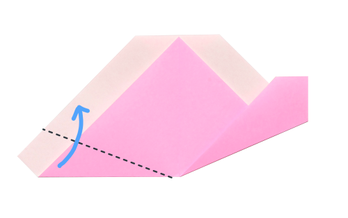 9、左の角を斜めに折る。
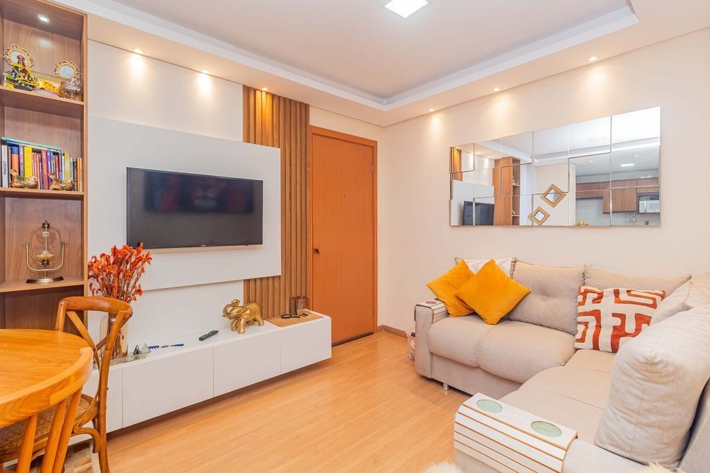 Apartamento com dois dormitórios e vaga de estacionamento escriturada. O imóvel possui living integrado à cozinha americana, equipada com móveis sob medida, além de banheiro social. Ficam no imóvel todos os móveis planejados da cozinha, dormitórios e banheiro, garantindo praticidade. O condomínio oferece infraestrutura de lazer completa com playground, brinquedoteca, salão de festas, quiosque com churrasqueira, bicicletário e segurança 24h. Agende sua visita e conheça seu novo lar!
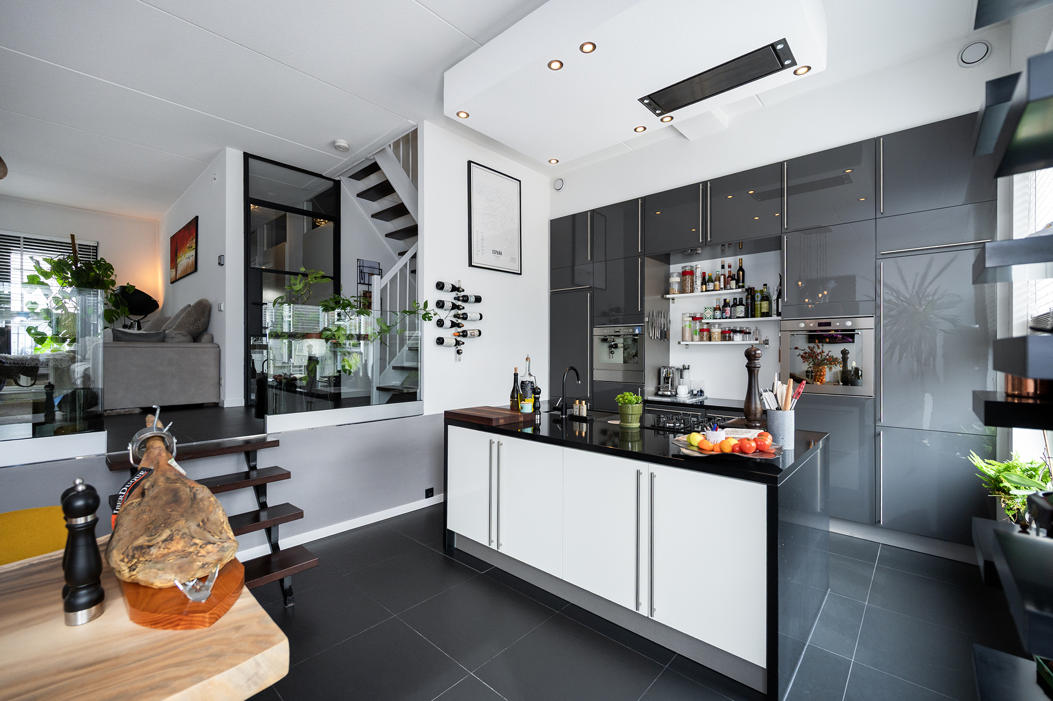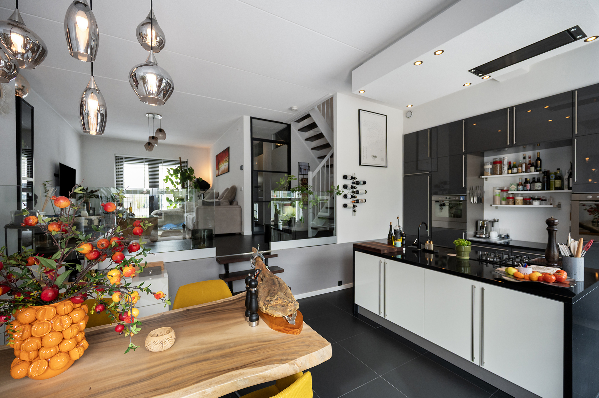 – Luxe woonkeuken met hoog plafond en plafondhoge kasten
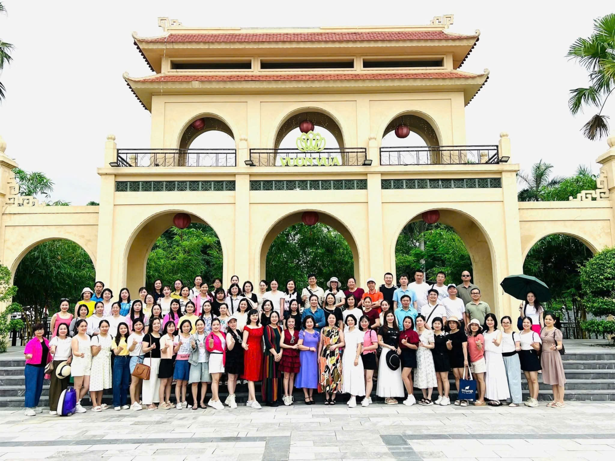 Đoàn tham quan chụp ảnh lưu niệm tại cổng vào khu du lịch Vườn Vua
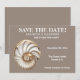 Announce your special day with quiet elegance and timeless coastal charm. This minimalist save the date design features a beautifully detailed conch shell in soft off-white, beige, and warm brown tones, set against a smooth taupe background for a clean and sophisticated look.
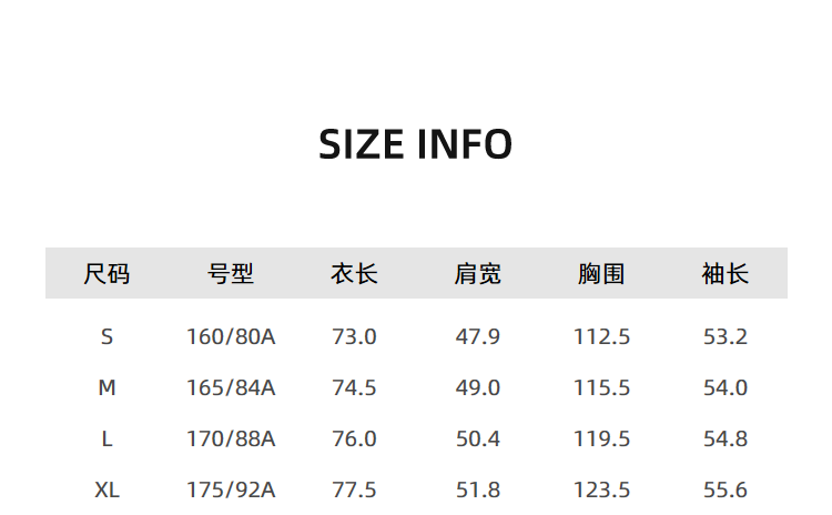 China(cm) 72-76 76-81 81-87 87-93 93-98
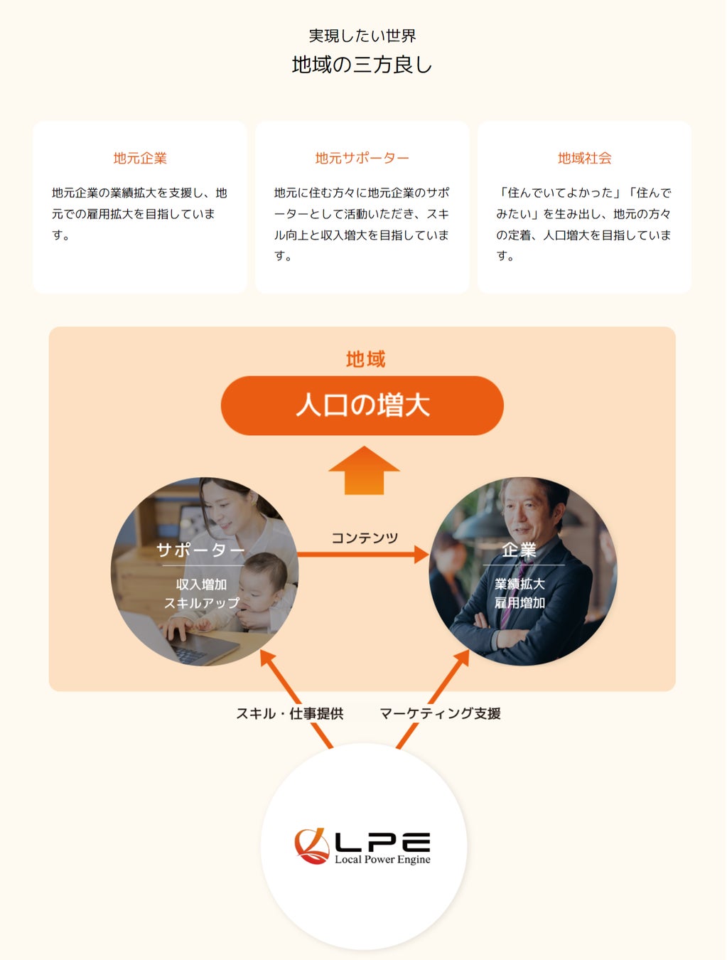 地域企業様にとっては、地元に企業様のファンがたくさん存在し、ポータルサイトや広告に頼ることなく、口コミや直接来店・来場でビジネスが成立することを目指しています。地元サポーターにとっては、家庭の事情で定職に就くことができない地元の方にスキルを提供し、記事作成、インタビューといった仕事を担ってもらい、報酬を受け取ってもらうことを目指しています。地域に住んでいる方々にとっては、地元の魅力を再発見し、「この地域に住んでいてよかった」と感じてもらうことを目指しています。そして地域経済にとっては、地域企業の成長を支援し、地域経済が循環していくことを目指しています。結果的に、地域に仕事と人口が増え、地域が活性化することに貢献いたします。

[What you should do] After locating "Apartamento com dois" and "China(cm) 72-76 76-81 81-87 87-93 93-98" in the records above, return exactly the line holding each one and every line between them; leave out the pictures.

[Task result]
 Apartamento com dois dormitórios e vaga de estacionamento escriturada. O imóvel possui living integrado à cozinha americana, equipada com móveis sob medida, além de banheiro social. Ficam no imóvel todos os móveis planejados da cozinha, dormitórios e banheiro, garantindo praticidade. O condomínio oferece infraestrutura de lazer completa com playground, brinquedoteca, salão de festas, quiosque com churrasqueira, bicicletário e segurança 24h. Agende sua visita e conheça seu novo lar!
 – Luxe woonkeuken met hoog plafond en plafondhoge kasten
 Đoàn tham quan chụp ảnh lưu niệm tại cổng vào khu du lịch Vườn Vua
 Announce your special day with quiet elegance and timeless coastal charm. This minimalist save the date design features a beautifully detailed conch shell in soft off-white, beige, and warm brown tones, set against a smooth taupe background for a clean and sophisticated look.
 China(cm) 72-76 76-81 81-87 87-93 93-98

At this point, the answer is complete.